**Assigned task**
Please retype the records below exactly as they appear, leaving out every picture.

[Source data]
= Beginning of Section =
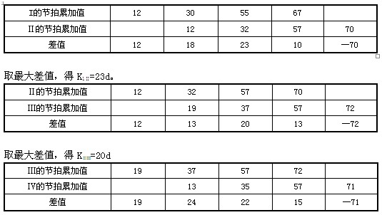 (2)總工期T=∑K+TN=23+20+24+71=138(天)滿足合同工期的要求。
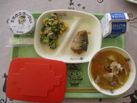 ごはん 牛乳 さば味噌煮 とツナの和え物 ピリ辛豚汁                        ヨーグルト
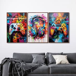 Quadro Decorativo Vídeo Game Modelo Gamer Abstrato Colorido com 3 Telas cm ou cm para Sala, Quarto, Banheiro, Escritório, Hall, Hall de Entrada, Estúdio, Salão, Clínica, Sala de Jogos, Lan House, Barbearia, Salão de Beleza, Camarim.Especificações Técnicas:Modelo: Gamer Abstrato Colorido;Material da Imagem: Papel premium fotográfico de alta qualidade;Material da Moldura: Madeira de reflorestamento revestida;Espessura da Moldura: 2,7cm de profundidade e 1,5cm frontal;Medidas: cm ou cm;Acabamento: Fita Kraft;Acompanha: Suporte de serrilha para quadros e parafusos.Transforme seu espaço com elegância e sofisticação! Não perca a oportunidade de adquirir o exclusivo Quadro Decorativo Gamer Abstrato Colorido com 3 Telas a um preço incrível! Acompanha Fixação para Parede: Sim Ambiente Principal: Sala de Estar Cor: Preto Cor do Produto: Preto Espessura: 20 mm Espessura do Vidro: 3 mm Itens Inclusos: Quadro com 3 telas Marca: ARTE PRÓPRIA Material Principal: Madeira Maciça Medida de Cada Item: 60cm x 90cm Origem do Produto: Nacional Peso: 15 kg Possui Paspatur: Não Possui Vidro: Sim Tema da Estampa: Teen Tipo de Quadro: Kit de quadros Vidro é Anti-Reflexo: Não Marca: ARTE PRÓPRIA
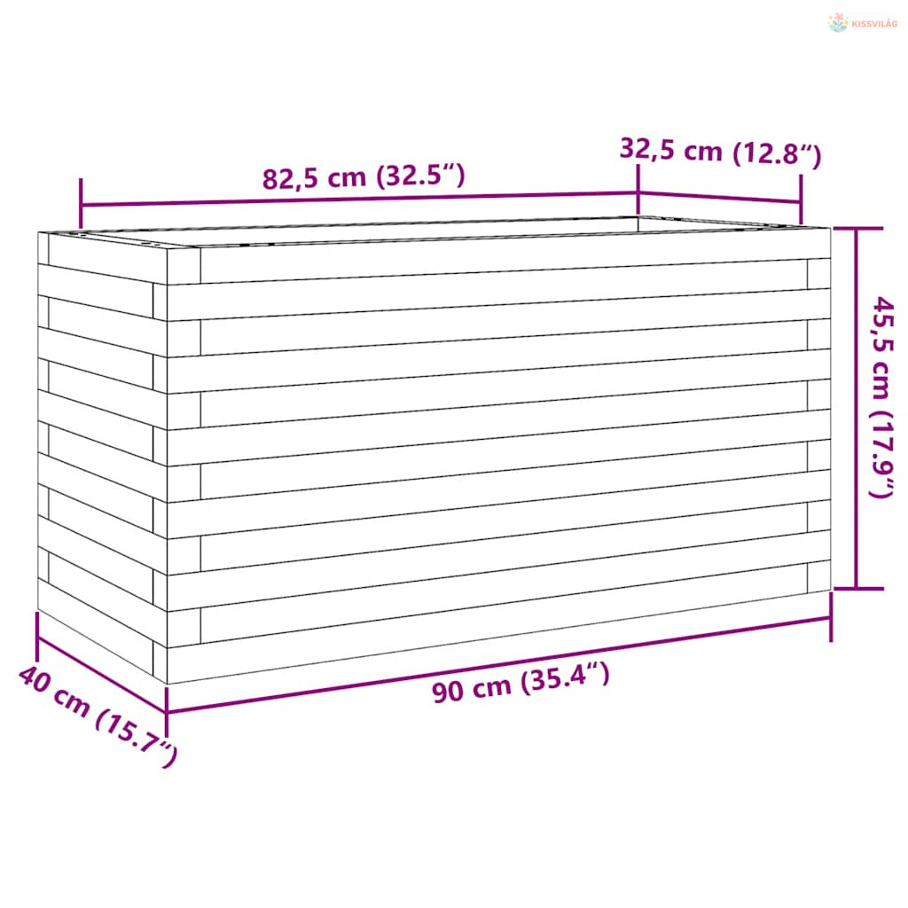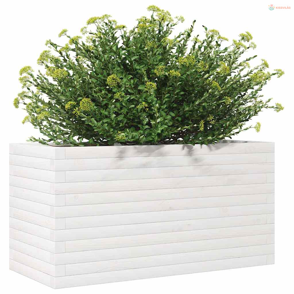 Fehér tömör fenyőfa kerti virágtartó 90 x 40 x 45,5 cm
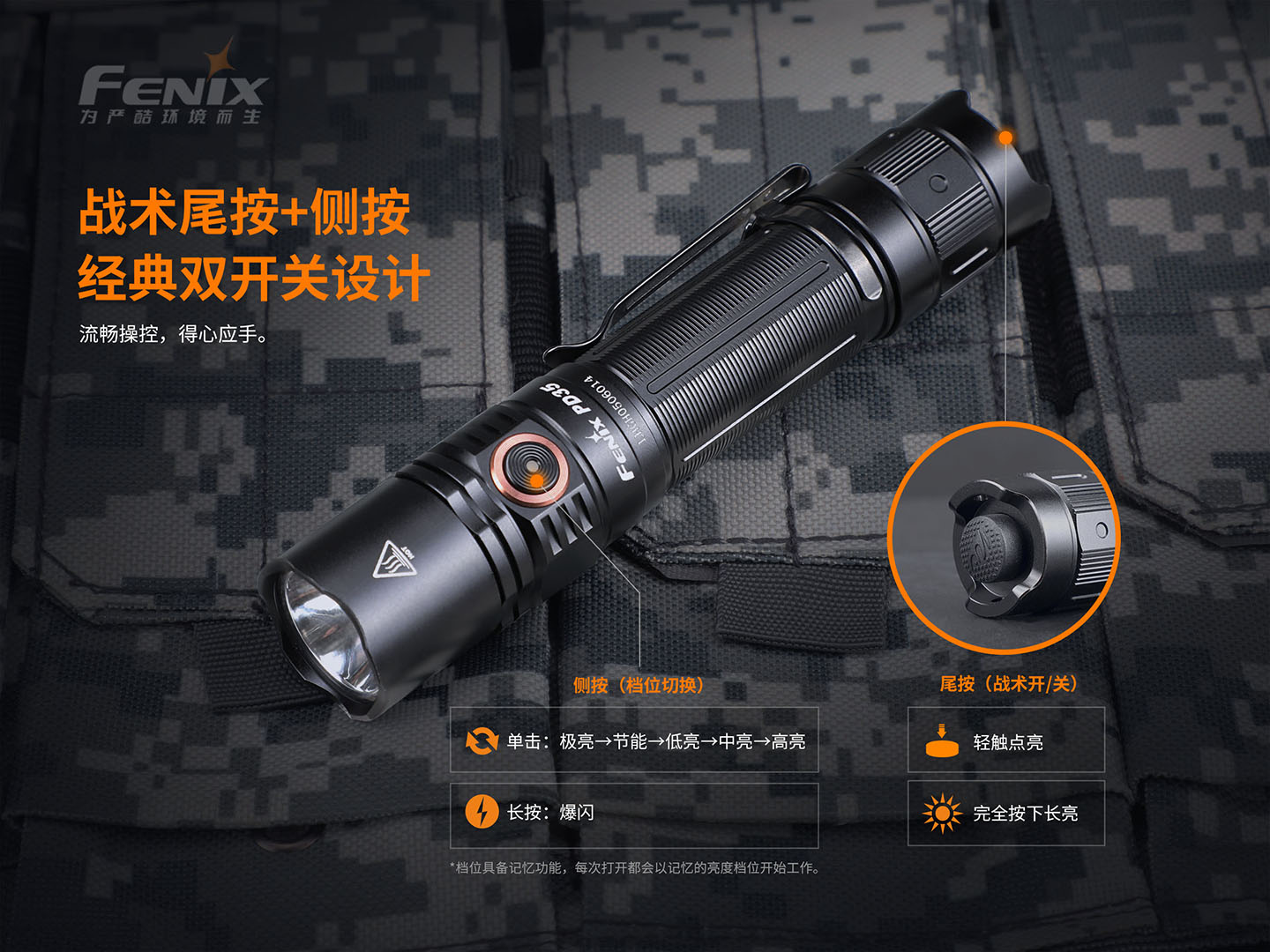 PD35 V3.0采用了一触即亮的战术开关设计,灯具放在包里时可能会因为挤压而误点亮。如果希望避免此问题,您可以在把灯具装入包中前,通过旋松尾盖、或者将电池从灯具中取出。
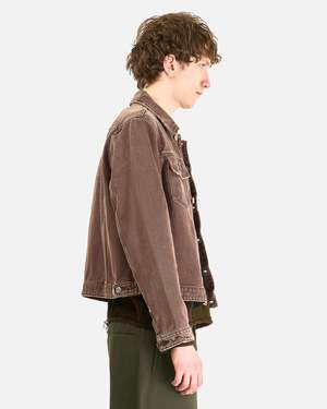 This Origin Jacket from Our Legacy is crafted from a pigment-dyed, non-stretch denim and features a spread collar, button front closure, flap chest pockets, buttoned cuffs, and adjustable button tabs at the back waist. Fading and distressed detailing complete the look. Type: Men's jacket Product SKU: M2265OC Fit: - Regular fit, boxy - Model is 6'1" and wears size 48 Features: - Spread collar - Button front closure - Buttoned cuffs - Chest flap pockets - Adjustable button tabs on back waist - Fading and distressed detail Composition: - 100% cotton - Made in Portugal
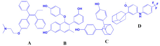 Structures of the oestrogen receptor (ER) modulators used as ER ligands: (A) tamoxifen; (B) 5-(4-hydroxyphenoxy)-6-(3-hydroxyphenyl)-7- methylnaphthalen-2-ol; (C) 4,4-(1,3-adamantanediyl) diphenol; (D) 3-(adamantan-1-yl)-4-methoxy-N-(4-(trifluoromethyl) phenyl) aniline.
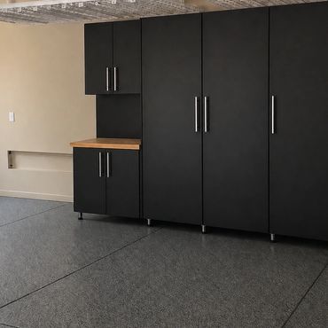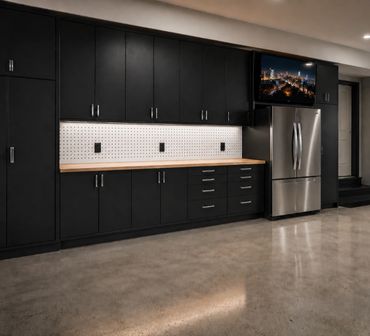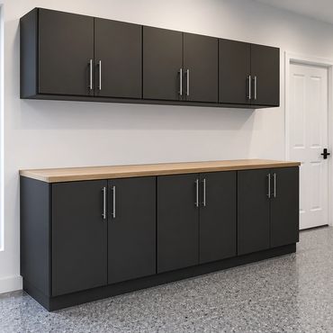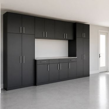 Black creates a sharp, minimalist backdrop that defines the space with authority. It is a high-impact choice for those who want a garage that feels powerful, sophisticated, and incredibly clean.
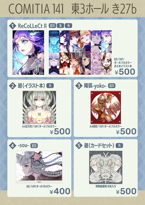 9/4(日)開催のコミティア141のお品書きになります!今回は既刊のみとなりますが、グッズ等も持っていきますのでよろしくお願いいたします! 【ヒトヒラ/東3ホール き27】でお待ちしております! #COMITIA141 #コミティア141 #イラスト #狐耳 #鬼 #角 #COMITIA141お品書き #お品書き
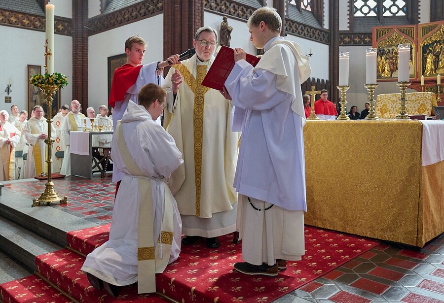 Am Samstag, den 6. April 2024 spendete Bischof Dr. Matthias Heinrich das Weihesakrament an zwei junge Dominikaner in der Berliner Klosterkirche St. Paulus. Rafael Maria Klose OP wurde zum Diakon und Justinus Grebowicz OP zum Priester geweiht.
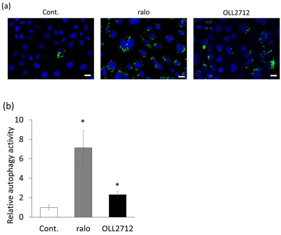Lactiplantibacillus plantarum OLL2712 (OLL2712) increased autolysosome puncta in intestinal epithelial cells. (a) Fluorescent microscopic images of autolysosome puncta in Caco-2 cells detected with DALGreen and (b) the fluorescent intensities of autolysosomes per cell (n = 10). Scale bars were 20 µm. Data are shown as the relative level to the control. *: p < 0.05 vs. control. Cont.: control; ralo: raloxifene.
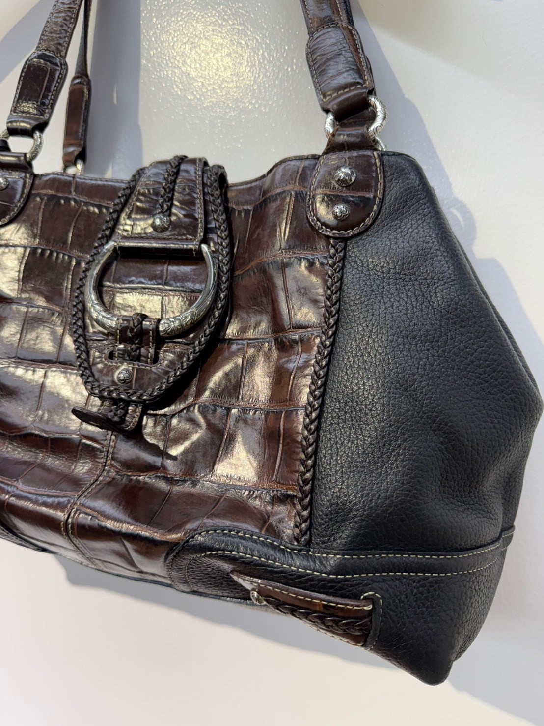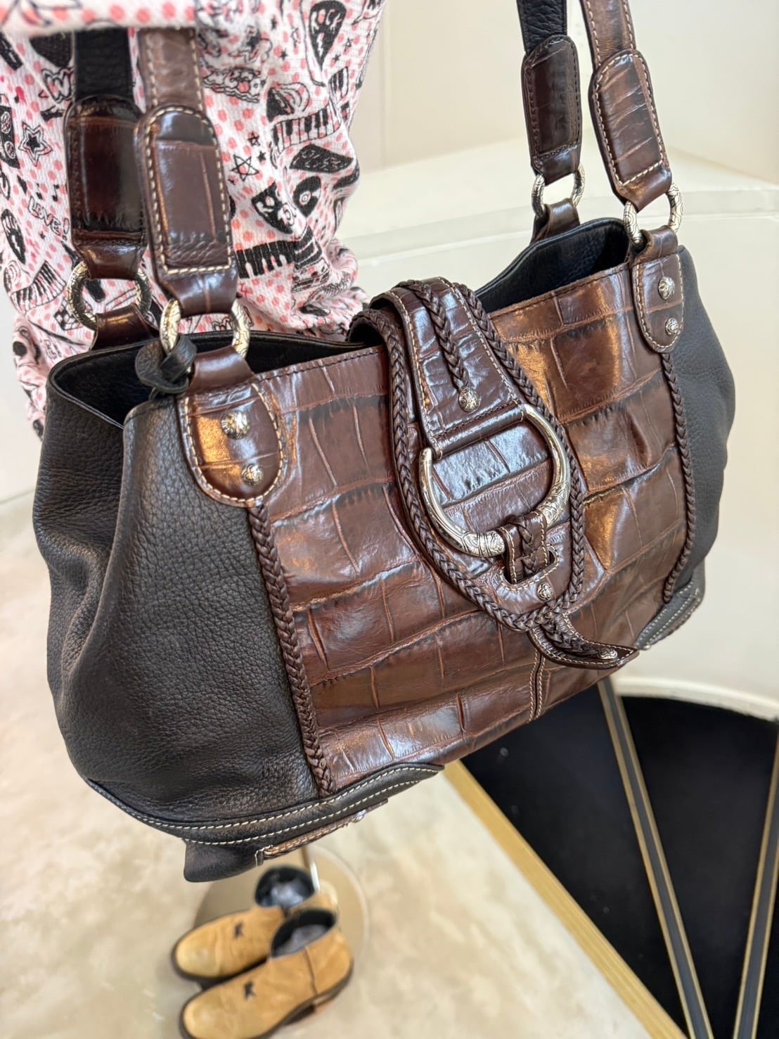 素材: 不明 サイズ: 横41cm 縦26cm 持ち手31.5cm 幅10cm ダメージ: 写真17,18枚目のような汚れがバックの下側にあります。
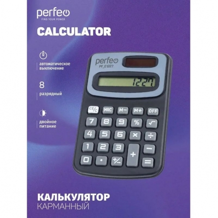 Калькулятор Perfeo PF_Е1227 будет Вам полезен в случаях, когда использование относительно громоздкого калькулятора неудобно или невозможно. В нем установлен 8-разрядный однострочный дисплей, информация с которого хорошо различима даже при ярком солнечном свете. Корпус очень компактен: его габаритные размеры составляют 100x64x8 мм. Вы сможете носить этот калькулятор даже в кармане. Оформление у данного устройства элегантное и понравится владельцам. У калькулятора двойное питание, которое он получает от устанавливаемой батарейки LR1130 или солнечного элемента. Такое совмещенное решение позволяет сэкономить заряд, увеличить автономность и пользоваться калькулятором в различных условиях. Среди функций: расчеты с процентами, сохранение значений в памяти, вычисление квадратного корня. Калькулятор простой, он рекомендован для рядовых пользователей, не нуждающихся в выполнении сложных вычислений.
= End of Section =
**Response**
 (2)總工期T=∑K+TN=23+20+24+71=138(天)滿足合同工期的要求。
 ごはん 牛乳 さば味噌煮 とツナの和え物 ピリ辛豚汁                        ヨーグルト
 Quadro Decorativo Vídeo Game Modelo Gamer Abstrato Colorido com 3 Telas cm ou cm para Sala, Quarto, Banheiro, Escritório, Hall, Hall de Entrada, Estúdio, Salão, Clínica, Sala de Jogos, Lan House, Barbearia, Salão de Beleza, Camarim.Especificações Técnicas:Modelo: Gamer Abstrato Colorido;Material da Imagem: Papel premium fotográfico de alta qualidade;Material da Moldura: Madeira de reflorestamento revestida;Espessura da Moldura: 2,7cm de profundidade e 1,5cm frontal;Medidas: cm ou cm;Acabamento: Fita Kraft;Acompanha: Suporte de serrilha para quadros e parafusos.Transforme seu espaço com elegância e sofisticação! Não perca a oportunidade de adquirir o exclusivo Quadro Decorativo Gamer Abstrato Colorido com 3 Telas a um preço incrível! Acompanha Fixação para Parede: Sim Ambiente Principal: Sala de Estar Cor: Preto Cor do Produto: Preto Espessura: 20 mm Espessura do Vidro: 3 mm Itens Inclusos: Quadro com 3 telas Marca: ARTE PRÓPRIA Material Principal: Madeira Maciça Medida de Cada Item: 60cm x 90cm Origem do Produto: Nacional Peso: 15 kg Possui Paspatur: Não Possui Vidro: Sim Tema da Estampa: Teen Tipo de Quadro: Kit de quadros Vidro é Anti-Reflexo: Não Marca: ARTE PRÓPRIA
 Fehér tömör fenyőfa kerti virágtartó 90 x 40 x 45,5 cm
 PD35 V3.0采用了一触即亮的战术开关设计,灯具放在包里时可能会因为挤压而误点亮。如果希望避免此问题,您可以在把灯具装入包中前,通过旋松尾盖、或者将电池从灯具中取出。
 This Origin Jacket from Our Legacy is crafted from a pigment-dyed, non-stretch denim and features a spread collar, button front closure, flap chest pockets, buttoned cuffs, and adjustable button tabs at the back waist. Fading and distressed detailing complete the look. Type: Men's jacket Product SKU: M2265OC Fit: - Regular fit, boxy - Model is 6'1" and wears size 48 Features: - Spread collar - Button front closure - Buttoned cuffs - Chest flap pockets - Adjustable button tabs on back waist - Fading and distressed detail Composition: - 100% cotton - Made in Portugal
 Structures of the oestrogen receptor (ER) modulators used as ER ligands: (A) tamoxifen; (B) 5-(4-hydroxyphenoxy)-6-(3-hydroxyphenyl)-7- methylnaphthalen-2-ol; (C) 4,4-(1,3-adamantanediyl) diphenol; (D) 3-(adamantan-1-yl)-4-methoxy-N-(4-(trifluoromethyl) phenyl) aniline.
 Black creates a sharp, minimalist backdrop that defines the space with authority. It is a high-impact choice for those who want a garage that feels powerful, sophisticated, and incredibly clean.
 9/4(日)開催のコミティア141のお品書きになります!今回は既刊のみとなりますが、グッズ等も持っていきますのでよろしくお願いいたします! 【ヒトヒラ/東3ホール き27】でお待ちしております! #COMITIA141 #コミティア141 #イラスト #狐耳 #鬼 #角 #COMITIA141お品書き #お品書き
 Am Samstag, den 6. April 2024 spendete Bischof Dr. Matthias Heinrich das Weihesakrament an zwei junge Dominikaner in der Berliner Klosterkirche St. Paulus. Rafael Maria Klose OP wurde zum Diakon und Justinus Grebowicz OP zum Priester geweiht.
Lactiplantibacillus plantarum OLL2712 (OLL2712) increased autolysosome puncta in intestinal epithelial cells. (a) Fluorescent microscopic images of autolysosome puncta in Caco-2 cells detected with DALGreen and (b) the fluorescent intensities of autolysosomes per cell (n = 10). Scale bars were 20 µm. Data are shown as the relative level to the control. *: p < 0.05 vs. control. Cont.: control; ralo: raloxifene.
 素材: 不明 サイズ: 横41cm 縦26cm 持ち手31.5cm 幅10cm ダメージ: 写真17,18枚目のような汚れがバックの下側にあります。
 Калькулятор Perfeo PF_Е1227 будет Вам полезен в случаях, когда использование относительно громоздкого калькулятора неудобно или невозможно. В нем установлен 8-разрядный однострочный дисплей, информация с которого хорошо различима даже при ярком солнечном свете. Корпус очень компактен: его габаритные размеры составляют 100x64x8 мм. Вы сможете носить этот калькулятор даже в кармане. Оформление у данного устройства элегантное и понравится владельцам. У калькулятора двойное питание, которое он получает от устанавливаемой батарейки LR1130 или солнечного элемента. Такое совмещенное решение позволяет сэкономить заряд, увеличить автономность и пользоваться калькулятором в различных условиях. Среди функций: расчеты с процентами, сохранение значений в памяти, вычисление квадратного корня. Калькулятор простой, он рекомендован для рядовых пользователей, не нуждающихся в выполнении сложных вычислений.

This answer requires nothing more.